Frontiers in Molecular Biosciences ◽

10.3389/fmolb.2021.791090 ◽

2021 ◽

Vol 8 ◽

Author(s):

Patrick C. A. van der Wel

Keyword(s):

Solid State ◽

Structure Determination ◽

Solid State Nmr ◽

Structural Information ◽

Magic Angle Spinning ◽

Magic Angle ◽

Distance Measurements ◽

Challenges And Opportunities ◽

Molecule Interactions ◽

Angle Spinning

In structural studies of immobilized, aggregated and self-assembled biomolecules, solid-state NMR (ssNMR) spectroscopy can provide valuable high-resolution structural information. Among the structural restraints provided by magic angle spinning (MAS) ssNMR the canonical focus is on inter-atomic distance measurements. In the current review, we examine the utility of ssNMR measurements of angular constraints, as a complement to distance-based structure determination. The focus is on direct measurements of angular restraints via the judicious recoupling of multiple anisotropic ssNMR parameters, such as dipolar couplings and chemical shift anisotropies.
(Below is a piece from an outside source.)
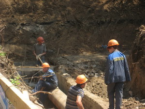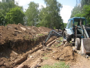 Ремонт теплотрассы проводят на площади Ленина в районе ДКиТ НКМЗ. Огромные ямы в центре Краматорска рабочие вырыли для замены устаревших металлических труб на современные полиуретановые.
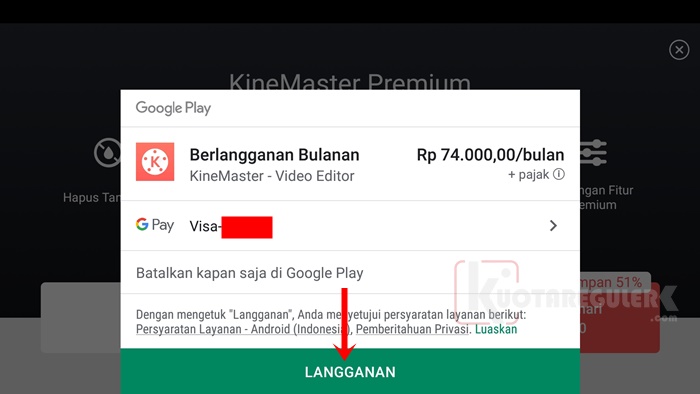 - Kemudian akan muncul pop-up metode pembayaran anda di Google Play. Jika anda sudah memverifikasi metode pembayaran di Google Play maka anda tinggal pencet tombol berlangganan.

Recent applications are highlighted, with a focus on studies of nanocrystalline polypeptides, aggregated peptides and proteins, receptor-substrate interactions, and small molecule interactions with amyloid protein fibrils. The review also examines considerations of when and where ssNMR torsion angle experiments are (most) effective, and discusses challenges and opportunities for future applications.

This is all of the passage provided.